BEGIN STORED DATA

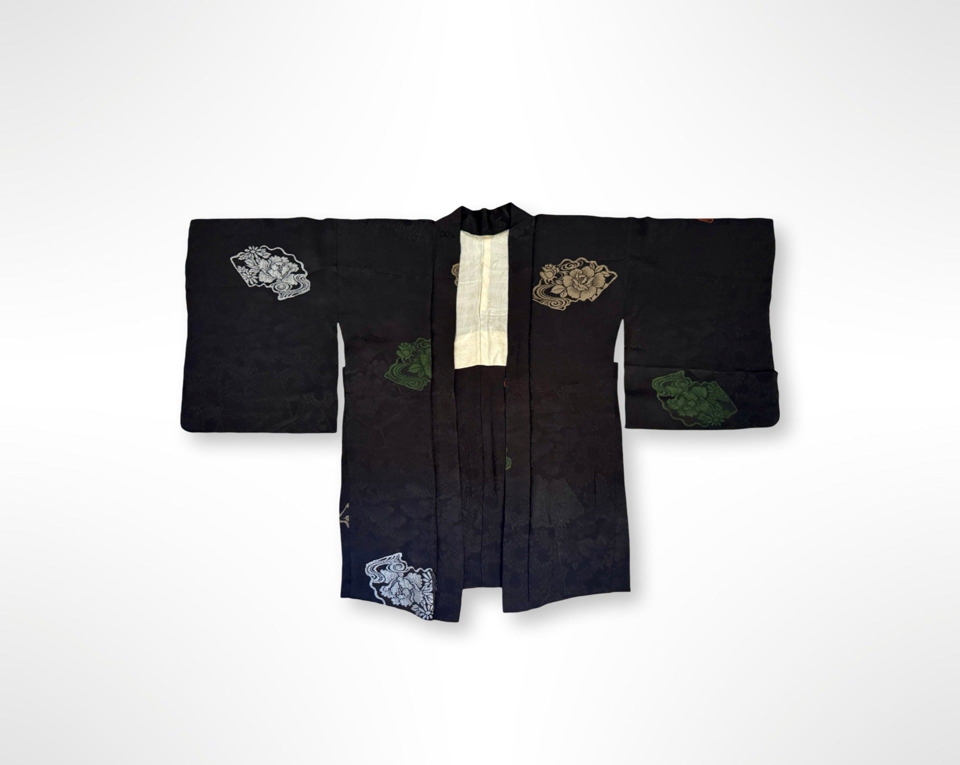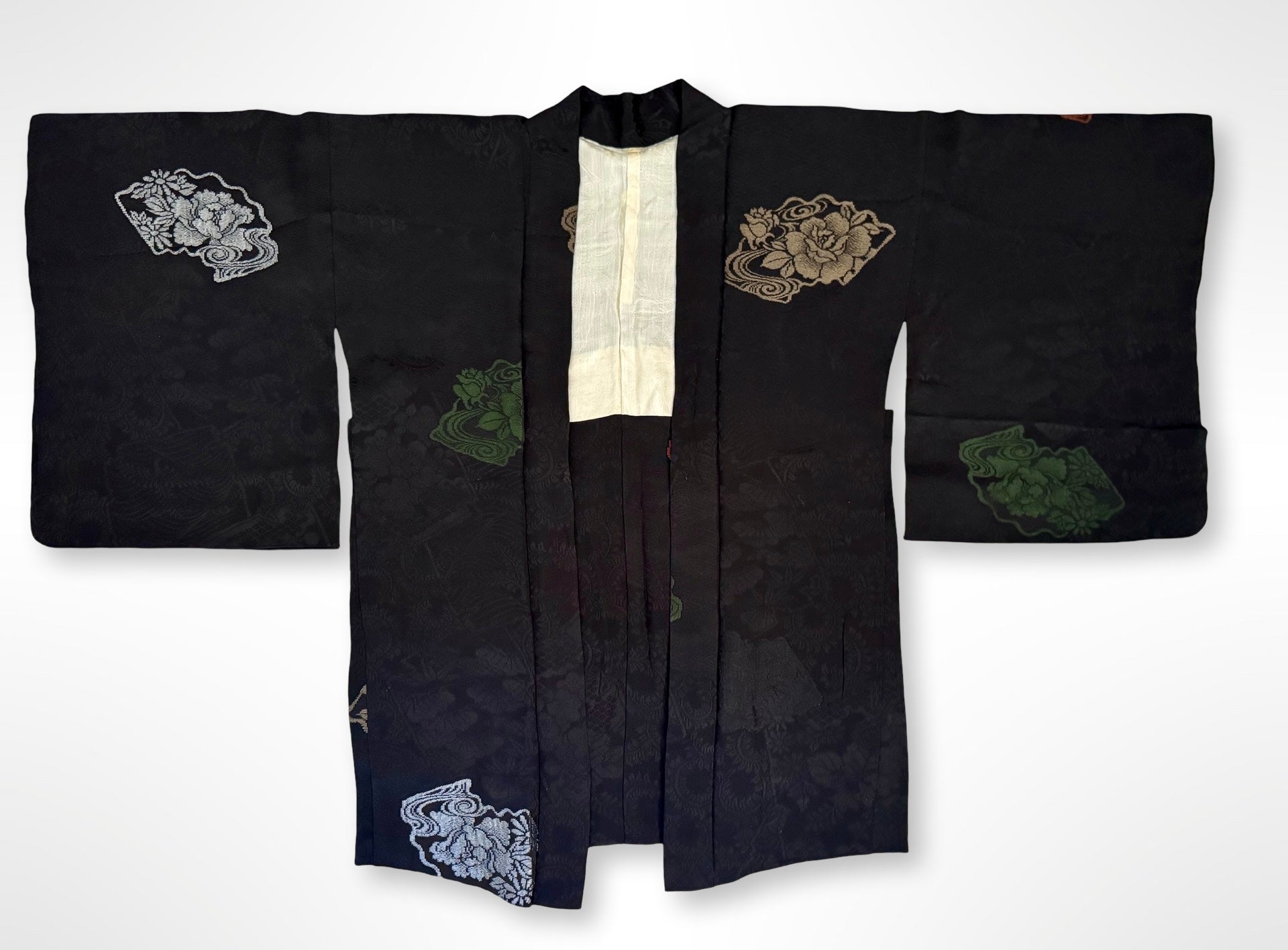 Gorgeous black flowy vintage silk Haori jacket with peonies in autumn colour tones.
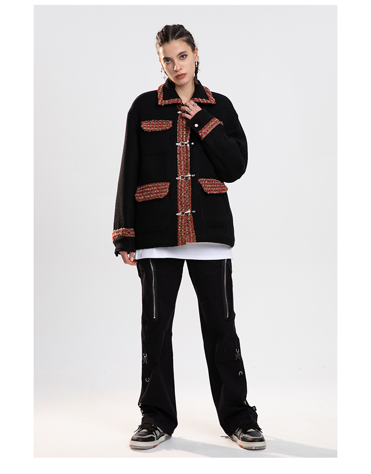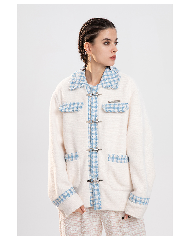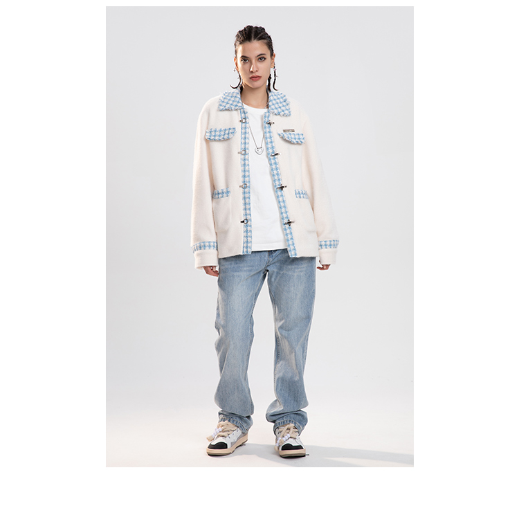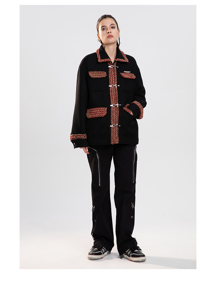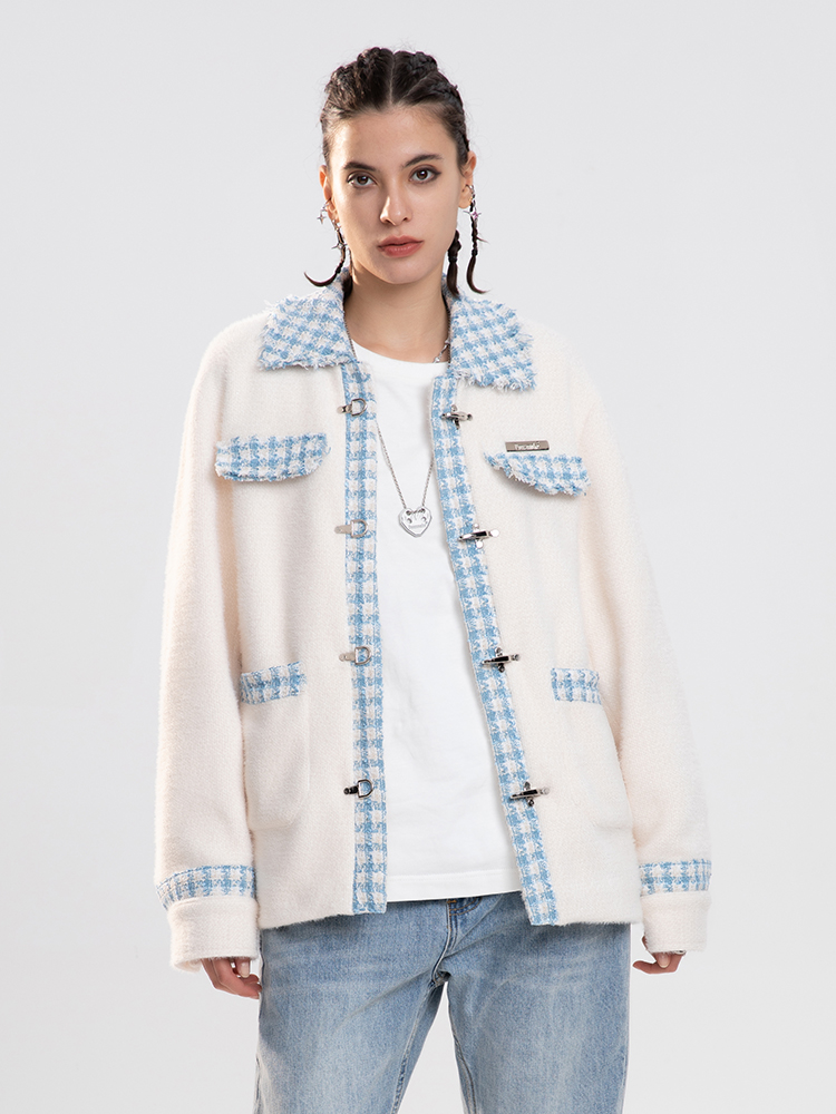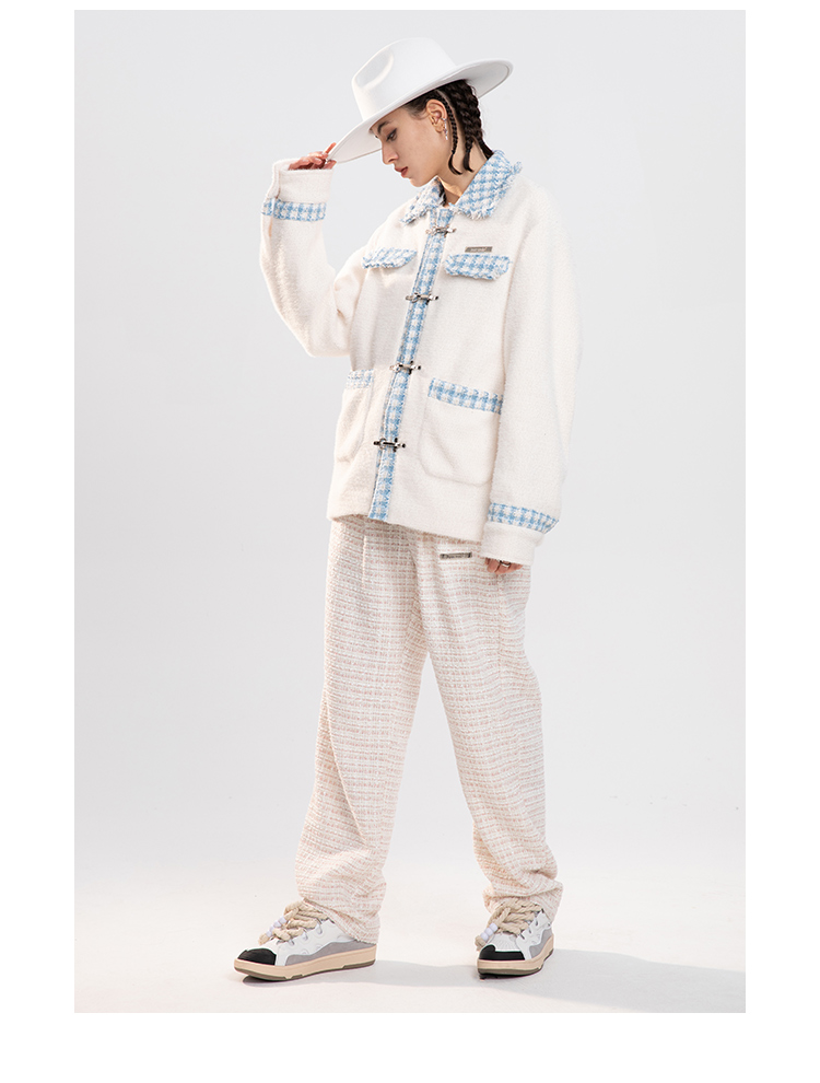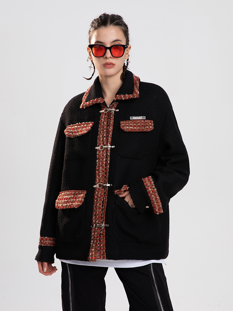 Herringbone Plaid Embroidery Oversize Jacket WN10078
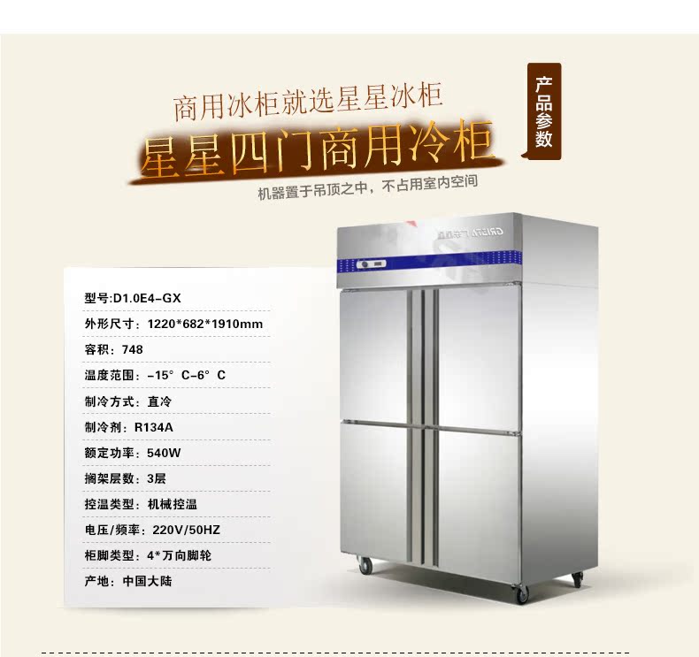 Stars BCD-840E Four Doors Fridge Kitchen Commercial Frozen Stainless Steel Vertical Freezers Refrigerated
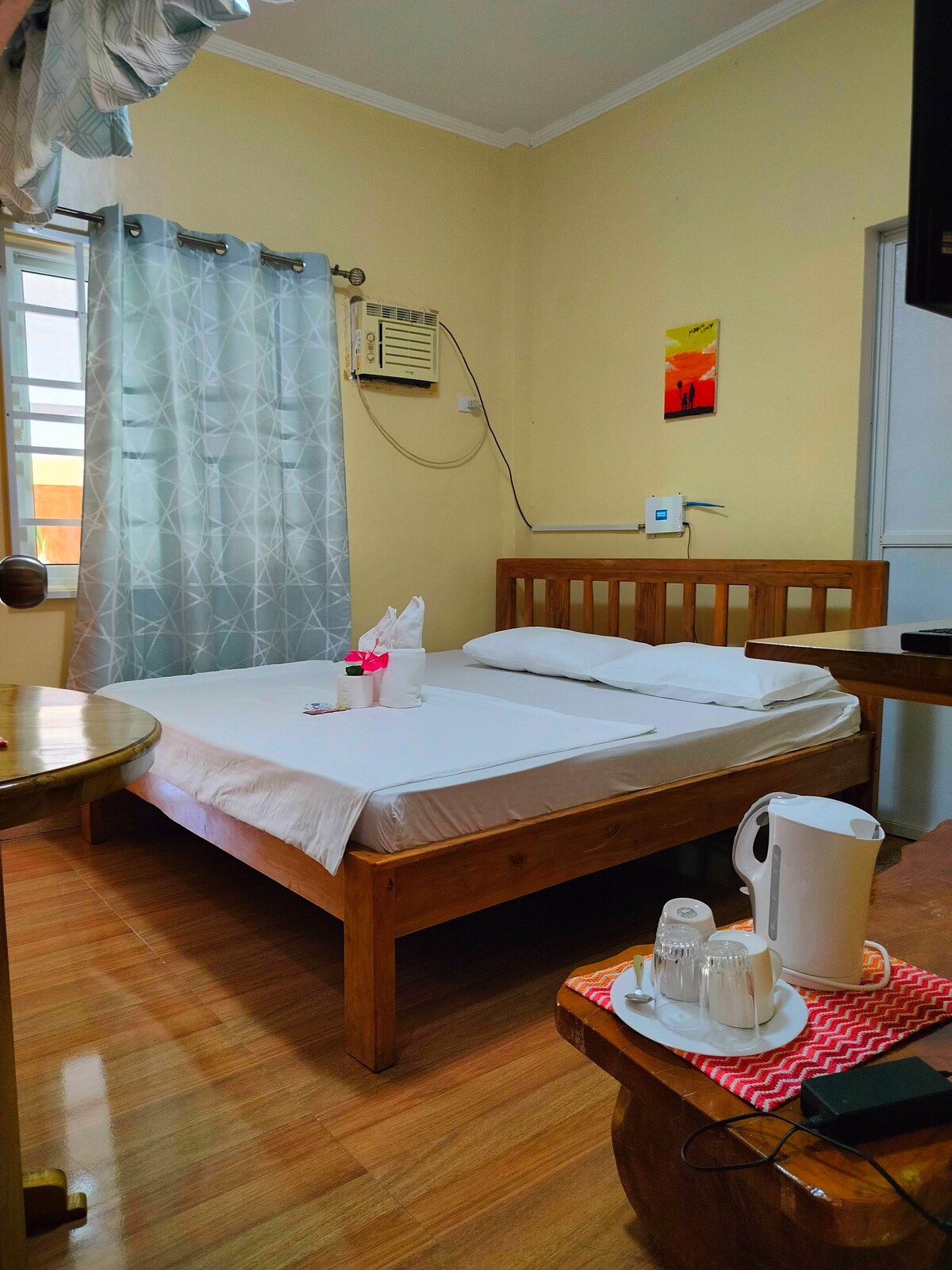 Découvrez les 1ères et uniques villas en A de Malapascua (A2) 2e de 2 petites maisons. À moins de 5 minutes à pied du port, de Logon Beach, des magasins de plongée, du marché central, des restaurants et à proximité de Bounty Beach. Eau potable chaude et froide Emplacement fermé, propre et sécurisé avec caméras de vidéosurveillance près des patios. Équipé d'un générateur d'énergie 24h/24 et 7j/7 avec ATS en cas de panne de courant, ce qui est une préoccupation sur l'île. Climatisation dans toutes les chambres avec ventilateurs muraux solaires Douche chauffée, WiFi et petit déjeuner inclus 😎 Coffres-forts dans chaque chambre.
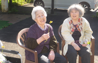 9月15日に敬老会を行いました。写真付きのメッセージカードを送らせていただき、お昼は希望を伺い、今年も海鮮ばらちらし寿司と果物を召し上がって頂きました。午後はカラオケ大会を行い、全員で歌を歌って楽しまれました。 9月27日には、暑さも和らぎ、入居者様から「外行きたいね」と話があり、施設の前で外気浴を行いました。摘んだ花を見たり、のんびり会話され気持ちよさそうに過ごされていました。
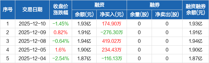 中金辐照:融资净买入174.9万元,融资余额1.93亿元(12-10)
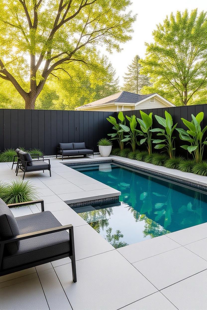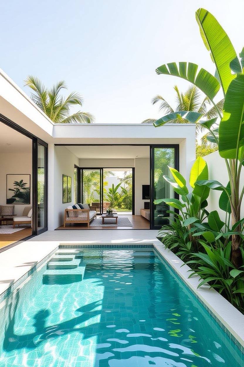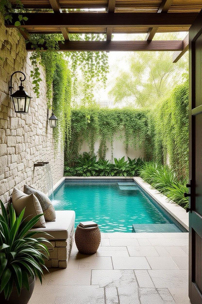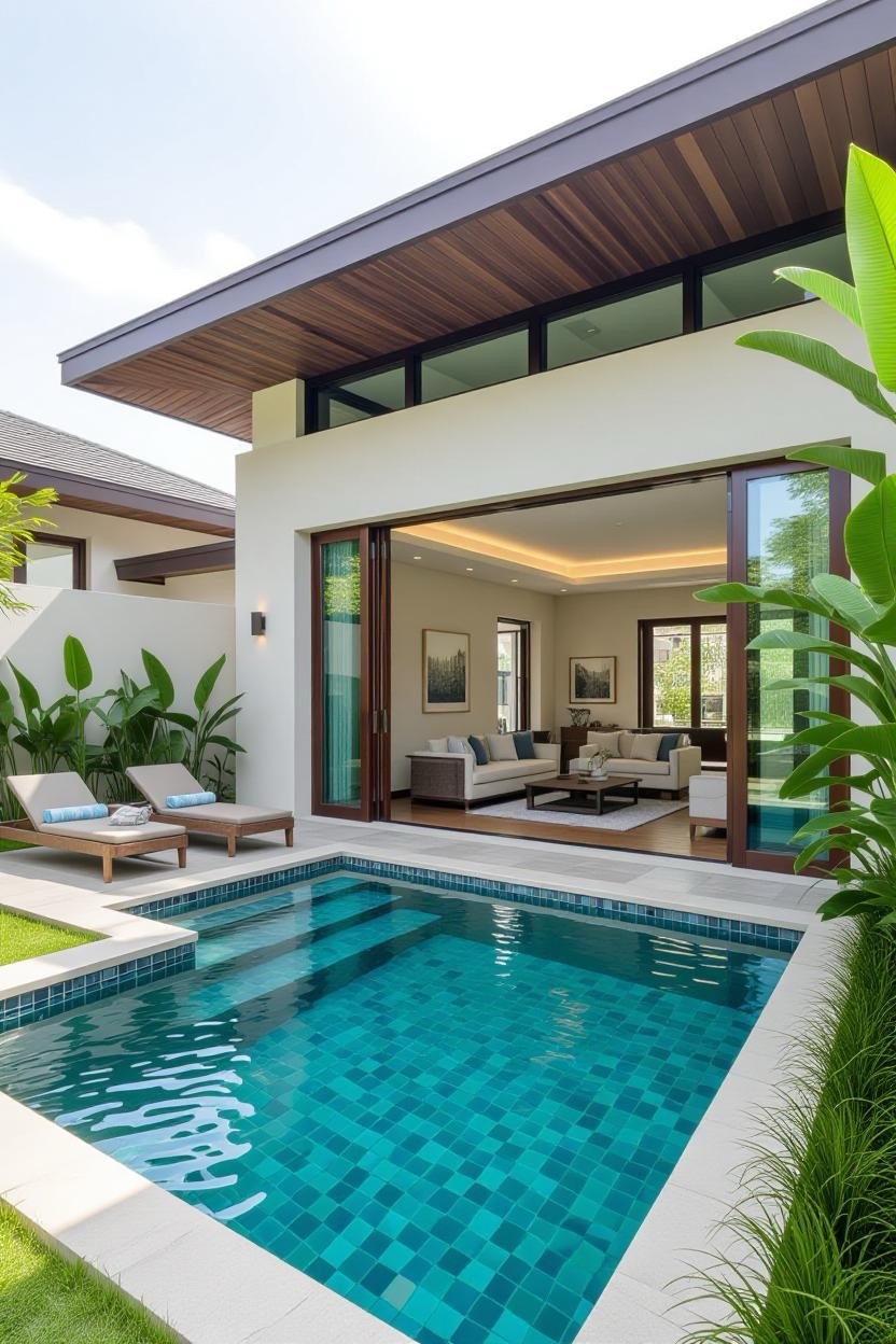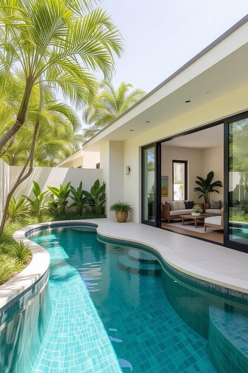Surround your pool with palm plants, bamboo fencing, and tropical flowers. Even in a tiny space, this creates a resort-style vibe right at home.
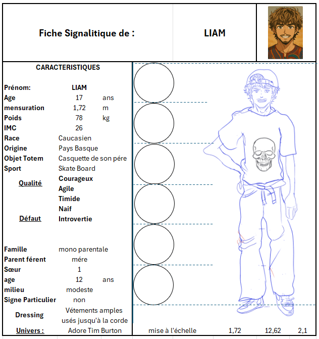 Pour les besoins de ma BD j'ai du crée une fiche signalitique qui servira de base aux archives de l'écoles .J'en ai profité pour que cela puisse me servir à la construction de mes personnages .Comme c'est mon personnage principal il va me servir d'étalon pour définir les autres personnages.

END STORED DATA

WHAT YOU HAVE TO DO: Copy everything above from the line holding "Découvrez les 1ères" down to the line holding "中金辐照:融资净买入174.9万元,融资余额1.93亿元(12-10)", both ends included, exactly as it stands and without the pictures.

RESULT:
 Découvrez les 1ères et uniques villas en A de Malapascua (A2) 2e de 2 petites maisons. À moins de 5 minutes à pied du port, de Logon Beach, des magasins de plongée, du marché central, des restaurants et à proximité de Bounty Beach. Eau potable chaude et froide Emplacement fermé, propre et sécurisé avec caméras de vidéosurveillance près des patios. Équipé d'un générateur d'énergie 24h/24 et 7j/7 avec ATS en cas de panne de courant, ce qui est une préoccupation sur l'île. Climatisation dans toutes les chambres avec ventilateurs muraux solaires Douche chauffée, WiFi et petit déjeuner inclus 😎 Coffres-forts dans chaque chambre.
 9月15日に敬老会を行いました。写真付きのメッセージカードを送らせていただき、お昼は希望を伺い、今年も海鮮ばらちらし寿司と果物を召し上がって頂きました。午後はカラオケ大会を行い、全員で歌を歌って楽しまれました。 9月27日には、暑さも和らぎ、入居者様から「外行きたいね」と話があり、施設の前で外気浴を行いました。摘んだ花を見たり、のんびり会話され気持ちよさそうに過ごされていました。
 中金辐照:融资净买入174.9万元,融资余额1.93亿元(12-10)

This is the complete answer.